July 28, 2015

Six Diabetes Tips on Staying Healthy this Summer

Robin Blog 12Yay summer! For those of us in the northern hemisphere, it’s finally time for barbecues, frolicking at the beach, and taking family trips. Here are some tips on enjoying your summer adventures and staying healthy at the same time.

1) Hydrate: Prioritize carrying extra water with you, and sip it regularly. I like to keep one water bottle in the freezer overnight and another in the fridge. Just remember to leave air space before freezing a bottle, so it won’t explode as the liquid expands!

If you’re drinking anything besides water, remember to alternate with water along the way. Or at least consider options like diet iced tea (0 grams of carb), diet cranberry juice (2 grams of carb), coconut water (10 grams of carb), and mineral water (0 grams of carb).  Choosing fresh fruits and vegetables can help you stay hydrated too. Some of my favorite juicy summer snacks are melons, tomatoes, cucumbers, grapes, blueberries, and citrus fruits.

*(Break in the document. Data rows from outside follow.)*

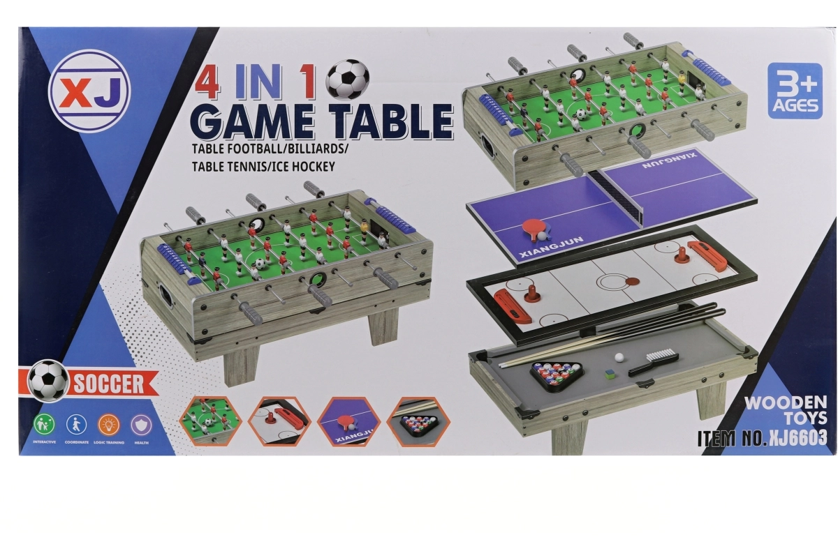 - 4 juegos en 1: futbolín, hockey, ping pong, billar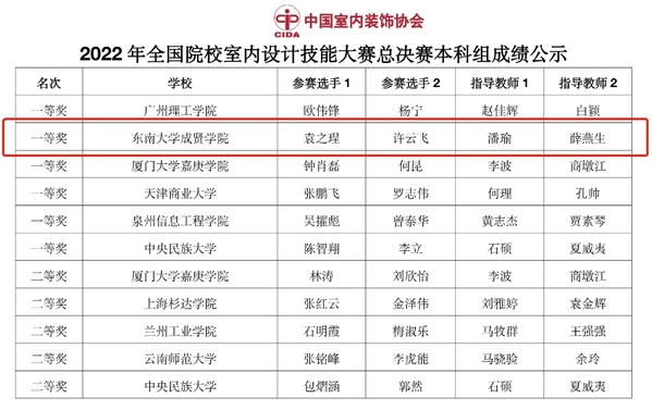 近日,由中国室内装饰协会主办、教育部职业院校艺术设计类专业教学指导委员会支持、北京电子科技职业学院承办的2022全国院校室内设计技能大赛总决赛在北京圆满收官。在全国总决赛中,建筑与艺术设计学院环境设计专业师生创获佳绩,潘瑜、薛燕生老师指导的团队荣获本科组一等奖,潘瑜、陈凌航老师指导的团队荣获本科组三等奖。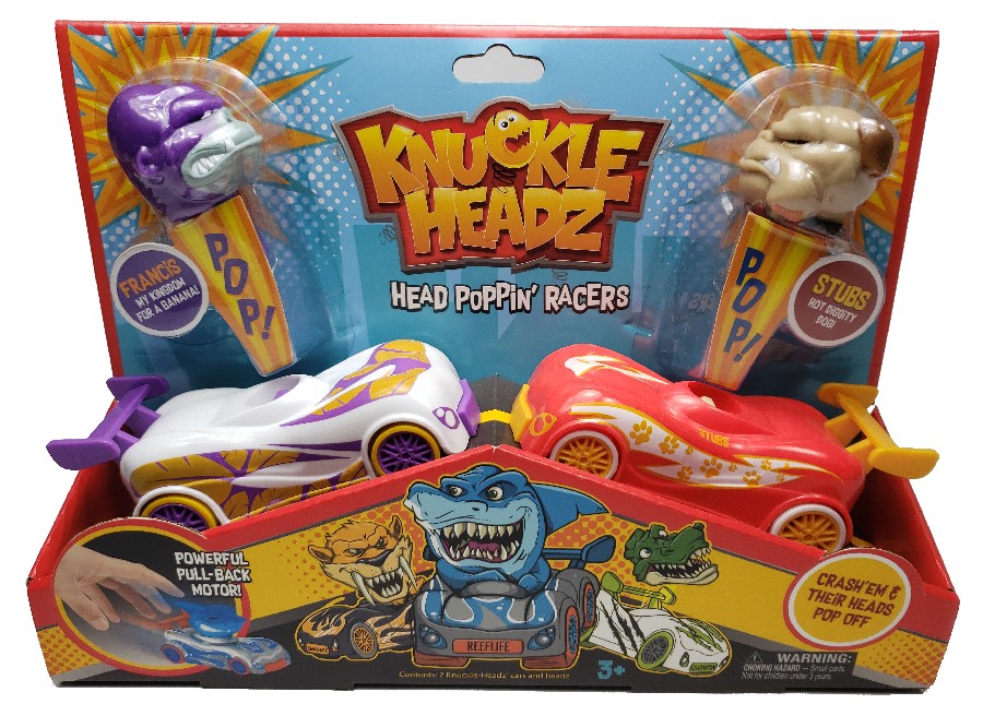 SD Toyz announced the release of Knuckle-Headz Head Poppin Racers. Fueled by a powerful pull-back motor, Knuckle-Headz simulates medieval jousting with a few modern twists. Six exciting new collectible characters face off in a battle to see which can keep its head. Define the battlefield, aim your vehicle at your opponents, pull back for maximum momentum, and let them zoom toward each other.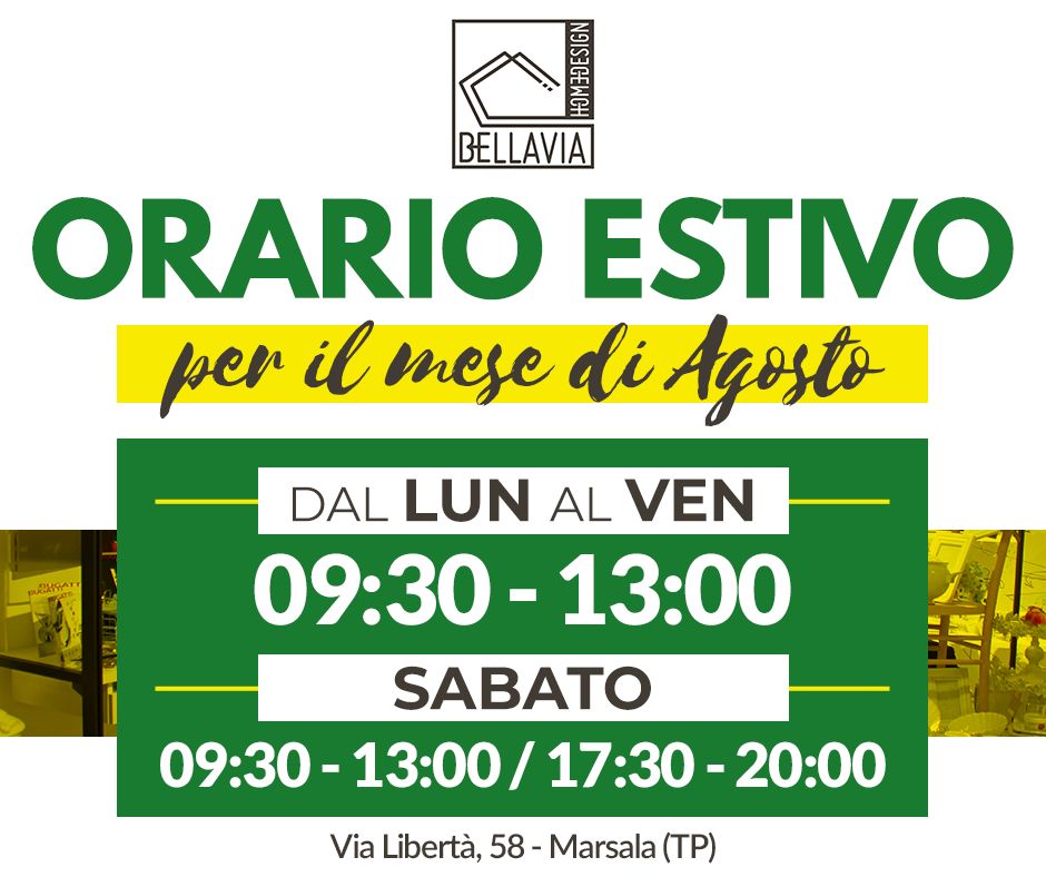 Leggi altro🕐 Orario #Estivo 🕐Bellavia Arredamenti a partire dall'1 #agosto fino al 3 #settembre effettuerà il seguente #orario #unico (dal lunedì al sabato) ⬇✅ Dalle 9:30 alle 13:00📍 Vieni nel nostro Showroom Bellavia Arredamenti Marsala in >> Vi...

2) Apply Sunblock: My husband’s skin is packed with melanin, so he never worries about this stuff. But for me, sun protection is a vital part of the summer routine!  Here’s what I’ve learned about how to do it:

  • If you’re in the sun for more than fifteen minutes, make sure you’re protected.
  • Sun hats, sunglasses, and umbrellas are great ways to lower your exposure.
  • Apply sunscreen before you get dressed. This way, you won’t miss any areas in an attempt to protect your clothes.
  • Sunscreen takes at least thirty minutes to absorb into your skin.
  • Reapply every two hours. I set “sunblock” alarms on my phone, so I won’t forget.
  • Use a higher SPF strength if you have lighter or more sensitive skin.
  • Spray-on sunblock still needs to be rubbed in thoroughly. I learned this the hard way.  So next time an elderly gentleman offers to “help with your back,” you might consider taking him up on the offer.
  • Don’t forget to cover the back of your neck, feet, lips, and ears.

3) Test More & Adjust Medications:  Make a point to increase how often you’re checking your blood sugar. Consider how your activities will vary from that of a regular day, and adjust medications accordingly. Here’s how I cover increased and decreased activity levels with my insulin pump:

  • If I’m going to be hiking from 2-4pm, I lower the basal rate 75% between 1-3pm.
  • If I’ll be sitting in a car from 2-4pm, I raise the basal rate to 130% between 1-3pm.
  • If I’m disconnected from the pump for more than 20 min, I check to see how much basal insulin I missed when I reconnect. Then I’ll take that much as a bolus (unless my blood sugar is trending low).

4) Pack Snacks & Backup Supplies: On days when your schedule is irregular, it’s more likely that your blood sugar will be unpredictable.  Just remember to be prepared with extra glucose and medical supplies.  If I’m running low on insulin, I fill an extra cartridge before I leave home, and then carry it in my FRIO pack so it stays cool.  You can check these out at http://www.frioinsulincoolingcase.com/

For swimming adventures, I disconnect from the pump and leave it in an easily accessible, dry, and safe place.  I try to remember to cover my infusion site when I do this,especially when I’m at the beach.  You can use the plastic plug that comes with each infusion set or a waterproof Band-Aid.

5) Protect Your Feet: In addition to putting sunscreen on the tops of your feet, it’s recommended that people with diabetes always protect the underside of their feet as well.  Apparently, our feet are more likely to cause health complications than the feet of non-diabetics.  If you get a cut on your foot, be sure to clean it thoroughly and keep a close eye on the healing process. I’ve also heard that people with diabetes are supposed to use quick-dry socks on land and water shoes in the water.

6) Be Patient with Yourself: While it’s important to take precautions, diabetes doesn’t need to get in the way of your amazing summer adventures.  When I forget something, I first ask myself: Do I need to cancel plans and go home?  I think outside the box, do my best to stay calm, and consider how to be resourceful.  Usually, I can find ways around the problem.  But in general, you just have to forgive yourself for being human.

So my summer advice to you is this:  Do your best to be safe, and have fun too!